To activate this feature, administrators can navigate to My Account > Company > Settings > Projects options. Check the box to "Input planned hours for each user assigned to a task" and Save. Then, in My Account > Company > Maintenance, select the radio button to "Generate planned hours for each user assigned to a task" and click OK. For existing projects, this will calculate planned hours for each user, based on their allocation and schedule.
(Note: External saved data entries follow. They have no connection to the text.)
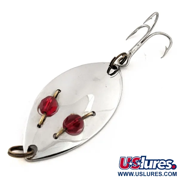 Chiaramente impresso sul retro della nichelatura, il marchio "Red-Eye Spinning Lure" della Hofschneider Corp di Rochester, N.Y., è un simbolo dell'artigianato americano della metà del secolo. Questo modello junior da 5,5 cm (2 1/4") è costruito attorno a un corpo in nichel lucidato che riflette intensamente la luce, attirando l'attenzione dei predatori anche con recuperi lenti. Due perle rosse sfaccettate sono montate saldamente al centro dell'ondulante, fornendo l'iconico stimolo visivo che dà il nome all'esca. Con un peso di 11 g (2/5 oz), è bilanciato per il lancio in svariate condizioni. La componentistica è notevolmente pulita, con split ring ben conservati e un'ancoretta affilata, per una valutazione delle condizioni di 5/5. Identificato dal codice prodotto 12952, le superfici riflettenti dell'ondulante rimangono brillanti, mantenendo quel look ad alto contrasto che ha reso queste esche un classico nelle scatole dei pescatori negli USA.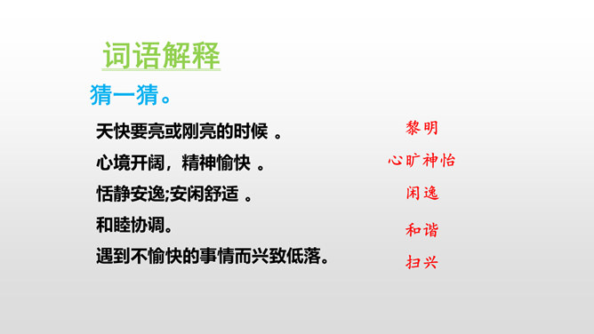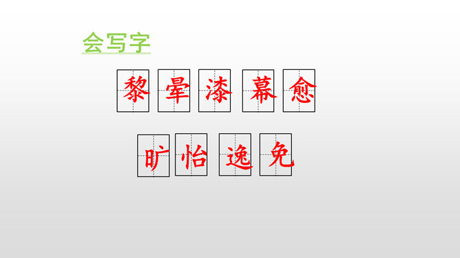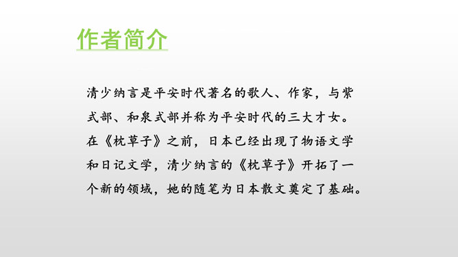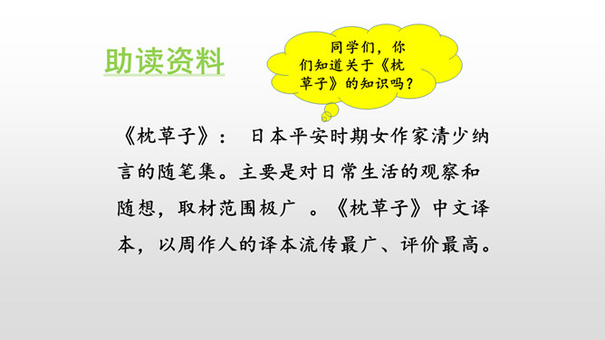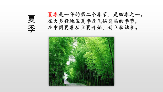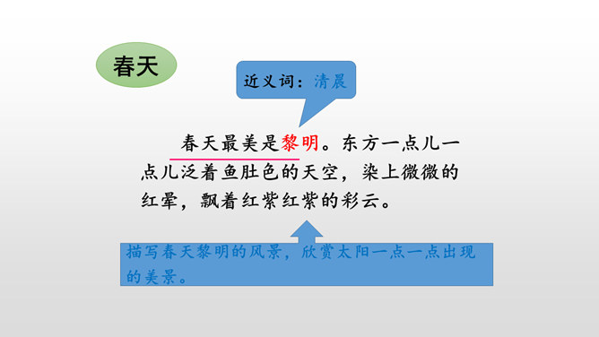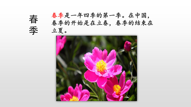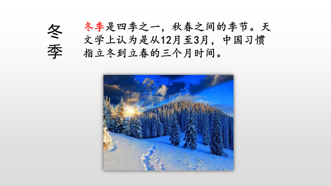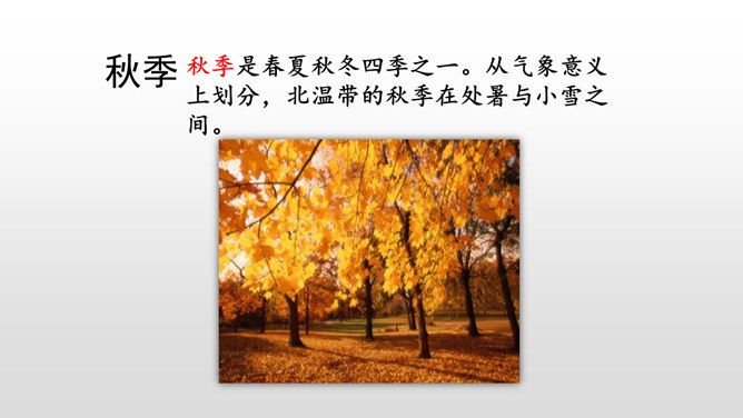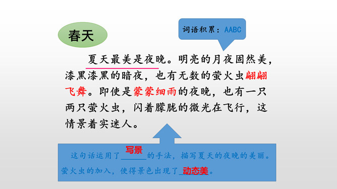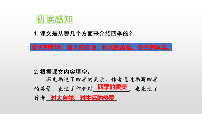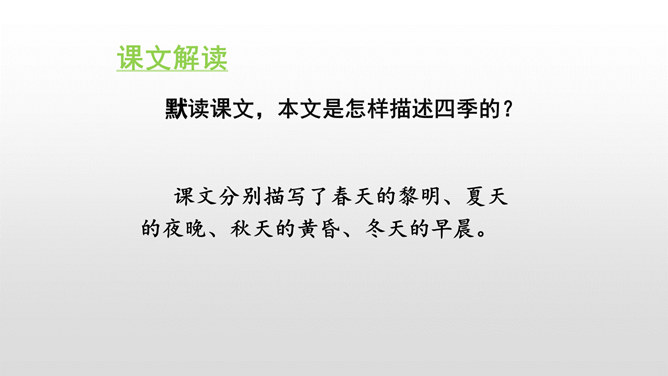 默读课文,本文是怎样描述四季的? 课文分别描写了春天的黎明、夏天的夜晚、秋天的黄昏、冬天的早晨。描写春天黎明的风景,欣赏太阳一点一点出现的美景。这句话运用了写景的手法,描写夏天的夜晚的美丽。萤火虫的加入,使得景色出现了动态美。写景:将夕阳的静态美和大雁高飞的动态美结合起来。对比:描写寒冷的冬晨的美景,又将其与暖炉相照应,制造出和谐的生活。文章以此结尾,毫不拖沓,只有意犹未尽的感觉。所属专题:四季之美ppt。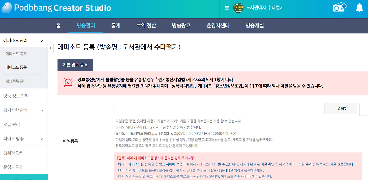 방송 관리 메뉴에서는 에피소드 등록 외 청취자 댓글, 통계, 공지사항 등을 관리할 수 있습니다.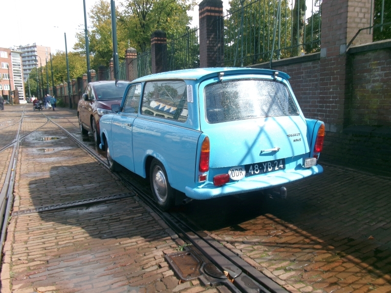 Het muurtje/hekwerk naast de Trabant staat langs de Parallelweg in Den Haag.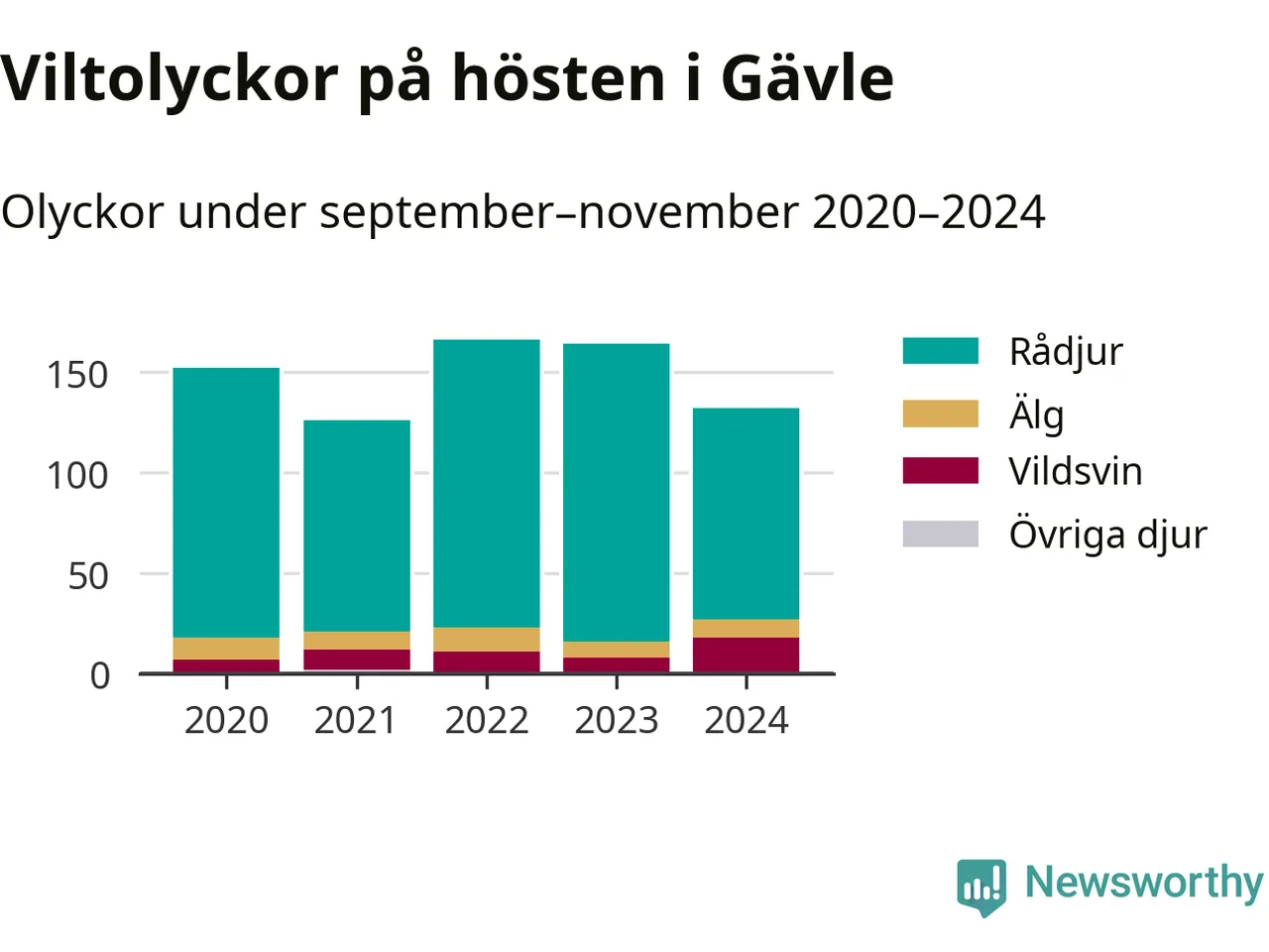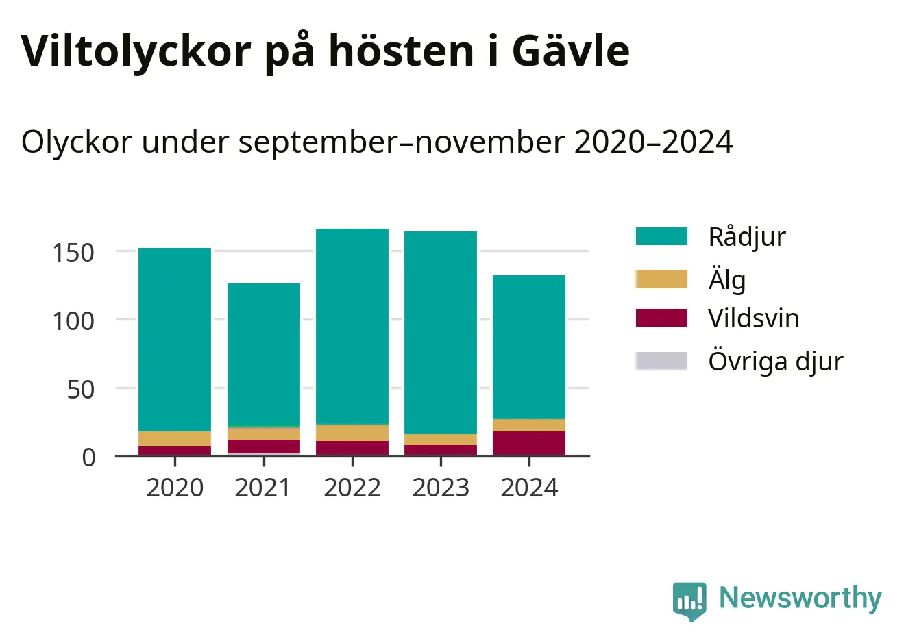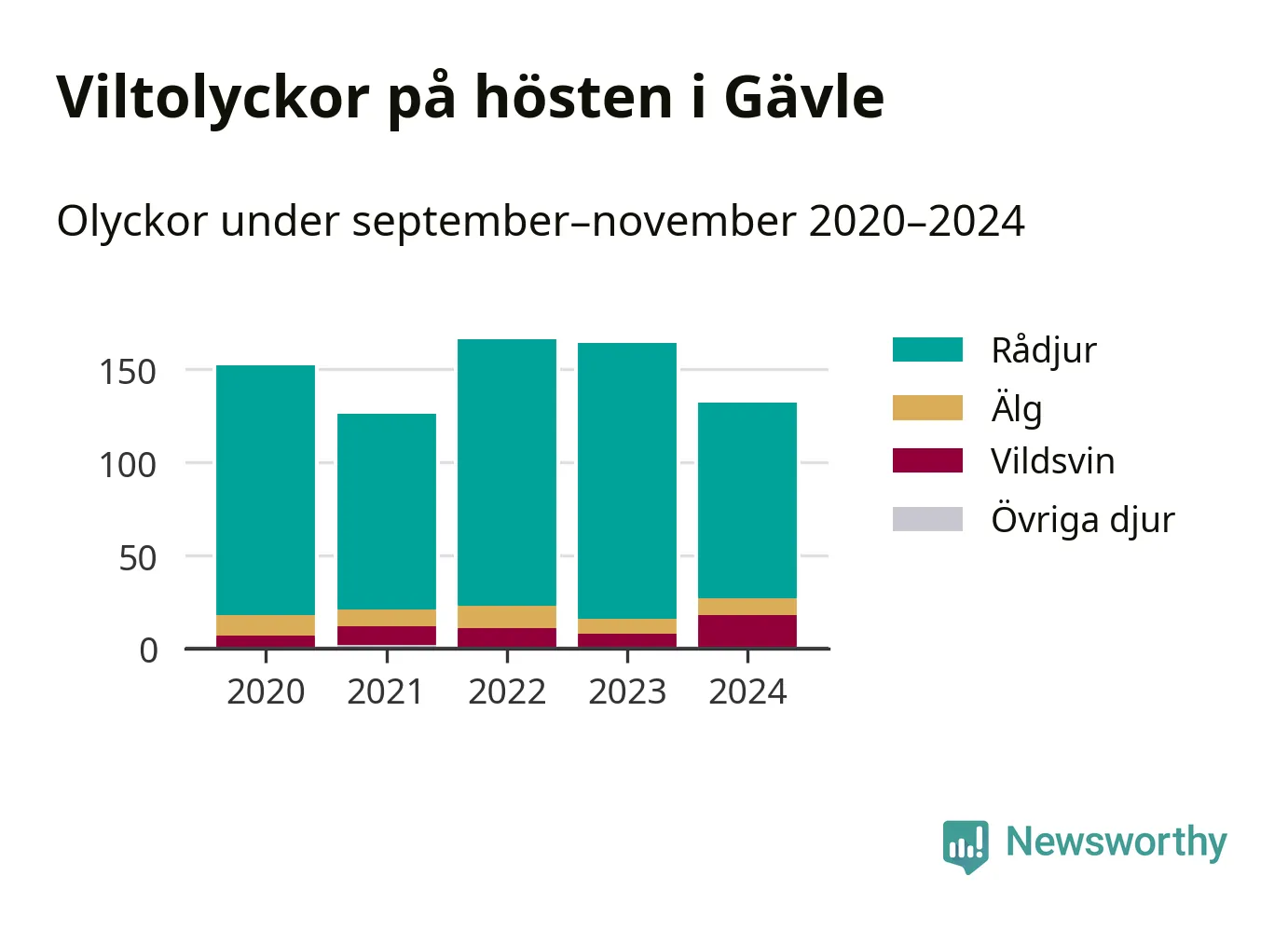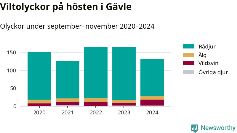 Under de senaste höstarna har antalet viltolyckor ökat i Sverige. Den höst med flest viltolyckor i Gävle hittills under 2020-talet var 2022, 166 olyckor. I fjol höst rapporterades totalt 132 olyckor.

The second enhancement to the Projects module is the new Project overview report. This data view gives project managers access to a broad range of data on a particular project, including hours, expenses and dollars for the month to date, and from project start to date. It also permits a view of amounts already invoiced, and available to be invoiced, and compares these figures to budget amounts. Profitability scenarios can be constructed based on revenue, resource cost and expenses. Results are displayed in dollars and as a percentage of budget.
The Project overview is enabled on a project stage level. To turn the feature on, administrators navigate to Account > Projects > Project stages. Select each stage for which the overview should be enabled. In the Options section, check Overview, and then click Save. The Project overview will be available via a link in a particular project, or as a report in Reports > Advanced > Projects.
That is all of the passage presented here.